I have to start this article by thanking my neighbors, Charlie and Christine Gingo, for inspiring it. We met recently at a Baby Bear-like party here in town, a night where everything was going well. They had gone for a walk and I was going home. We stopped to chat, but as we talked it became clear that all was not well. Fires in New Mexico, floods in Yellowstone, historic droughts in the Southwest; 159 million acres of crops are experiencing drought conditions this week. And that’s just here in the United States, just nature-related events; we haven’t even touched on things like mass shootings.
“Fire and flood,” Charlie said. “This should be your next article.”
Fires and floods are interesting to consider from a religious point of view. To begin with, we can think of the flood from the perspective of the Abrahamic religions. In the Hebrew Bible we learn that God destroyed the earth with a flood, except for Noah and his family and two of each animal, to cleanse the earth of people because of the violence they had brought to the world (Gen. 6:13 ). For forty days and forty nights the rain fell and the waters rose, and the deluge lasted for 150 days. So God allowed the waters to recede. After about a year, the land was dry, and Noah, his family, and the animals began to repopulate the world.
As old and well known as this flood story is, it was not the first. In fact, there is evidence that the story of Noah’s Flood comes from older Babylonian stories. In the Babylonian epic Gilgamesh, we discover Utnapishtim, a Noah-like figure who survived a great flood sent by the gods that destroyed the world. He survived by building a huge ship that saved himself, his family, and the animals and plants of the world. The god Ea, who had warned Utnapishtim of the flood, defended his heroism to Enlil, and in exchange for Utnapishtim’s efforts, the god Enlil granted immortality to Utnapishtim and his wife, who want to repopulate the restored land .
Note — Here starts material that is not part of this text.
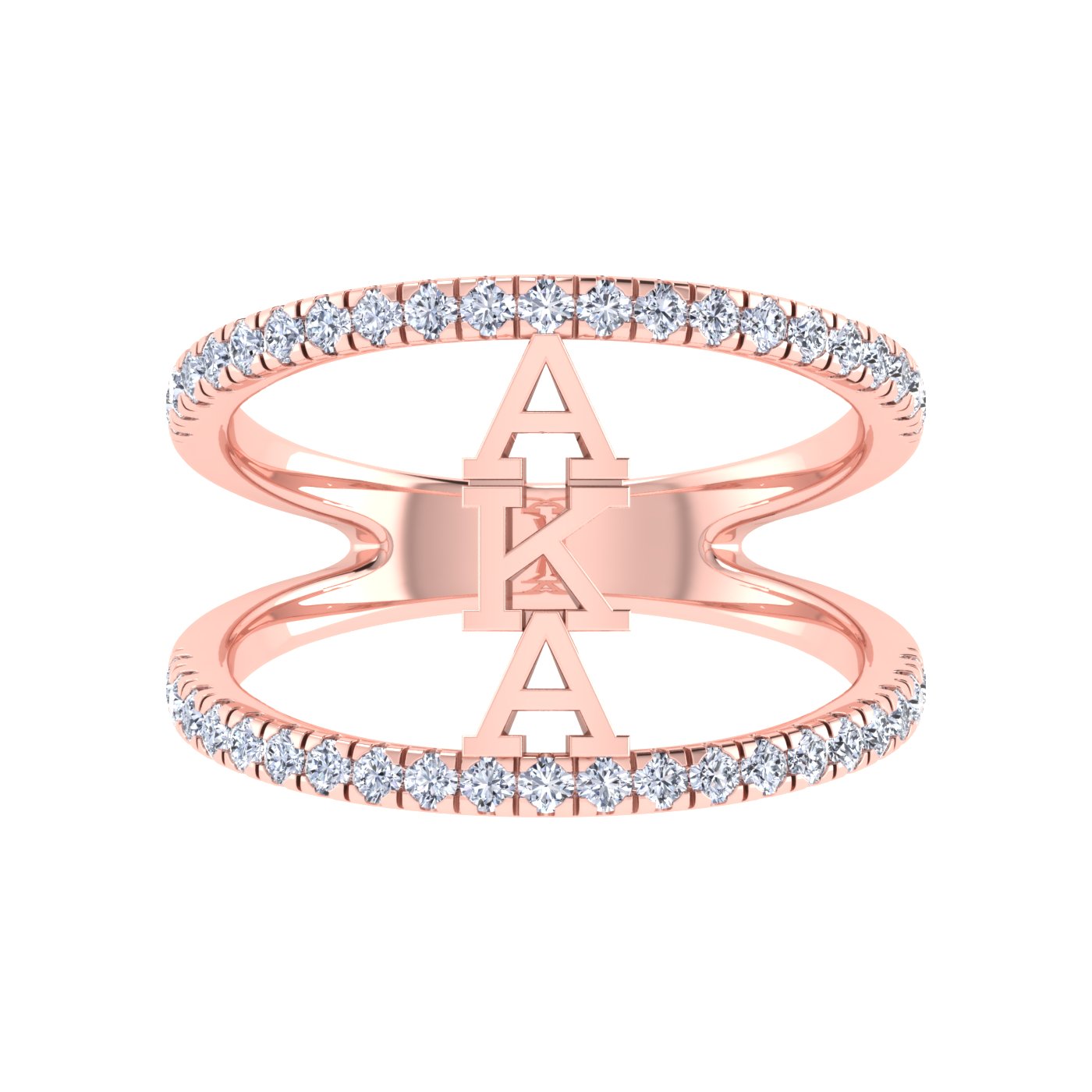 Show your Alpha Kappa Alpha pride with this elegant sterling silver pink plated ring. Featuring a sleek double-band design lined with sparkling cubic zirconia, it highlights the bold AKA Greek letters at its center. Crafted from 925 sterling silver, this timeless piece is perfect for celebrating your lifelong sisterhood.
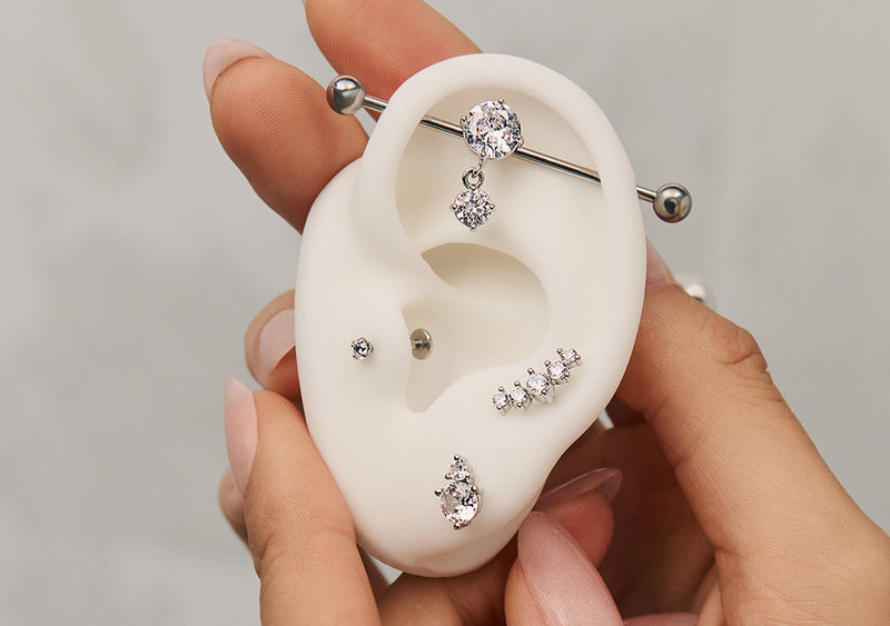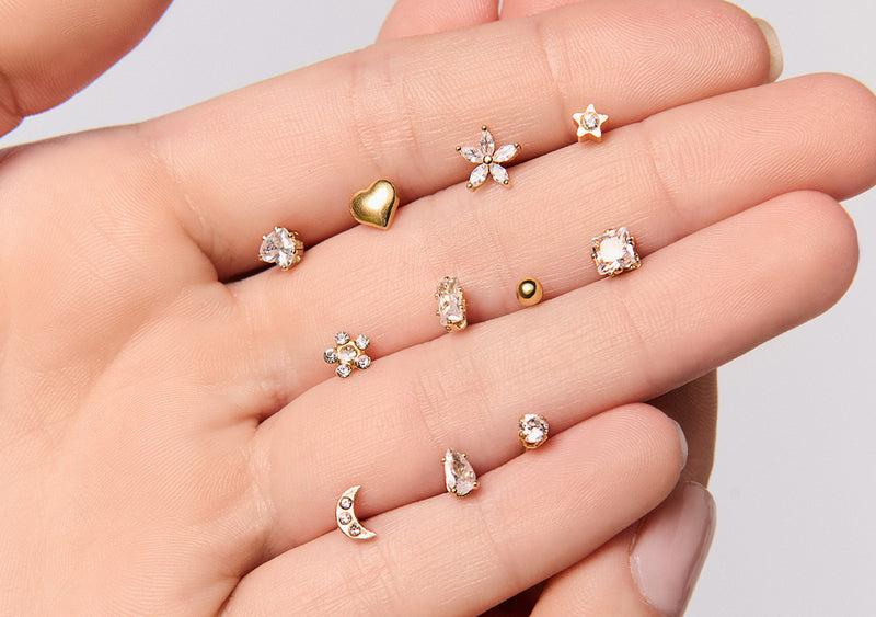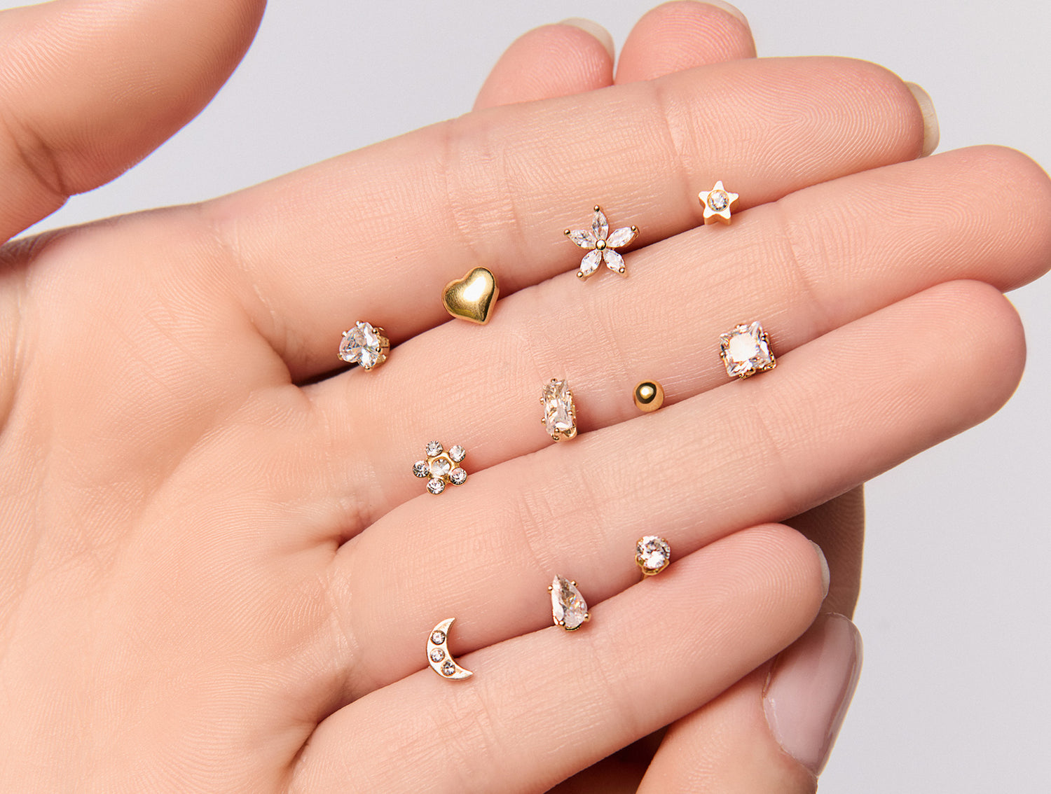 After the initial healing period, you can replace the original piercing stud(s) with other jewelry.

All over the world, different cultures have had their own stories of flooding. In ancient Norse mythology, the land was flooded with the blood of the giant Ymir, and Bergelmir and his wife built a boat, escaped the flood, and repopulated the land. In one of the Buddhist Jataka tales, Samudda-vanija jataka, a thousand unscrupulous carpenters set out and desecrated an island. The local spirits got angry and decided to flood the island. Two men led the carpenters, a wise man and a fool. The sage heeded the warnings about the flood and told his party to build a ship in case the threat was real. The madman decided the warning was a joke. When the flood came, the wise carpenter and his party sailed to safety, and the foolish carpenter and his party drowned.
Throughout the various stories, floods both destroy and cleanse. Flooding is regenerative; the flood offers a new start. Fire has similar but different connotations. In ancient Greek religion, fire was a gift from the god and deceiver Prometheus. In Christian mythology, fire is associated with Hell, a place of eternal burning punishment for the damned. In Revelation 8, the first of the seven angels sounds his trumpet, and hail and fire mingled with blood are hurled upon the earth, burning a third of the trees, a third of the world, and all the grass (7). In Revelation 9, four angels are released upon the world and a third of mankind are killed by the plagues of fire, smoke, and brimstone that issue from the mouths of the angels (14:18). In Hinduism, Agni is the god of fire, this useful but destructive energy. Vedic Hindu rituals often include fire sacrifices. Agni has ten forms, ranging from sun to digestion to cremation fire to encompass the many forms of fire.
Around us, the world is burning. The world is drowning. If we watch everything – it’s so comforting to look away in denial, isn’t it? – we are looking for meaning. Some evangelical Christians welcome destruction as signs of the end times. Such a vision sees more than destruction; he anticipates the second coming of Jesus who will gather the righteous, a deep hope that we will be saved by God. Hindus can see destruction as part of Kali Yuga, the current era of darkness which will end with the destruction of the world as it is and the subsequent creation of a new and purified cycle of life. In the midst of all the stories, science tries in vain to make us realize that we are in fact the destroying gods; we are the cheaters.
Nancy Thompson teaches comparative religion courses for CCV and NVU Online. She is the author of Touching the Elephant: Values the World’s Religions Share and How They Can Transform Us.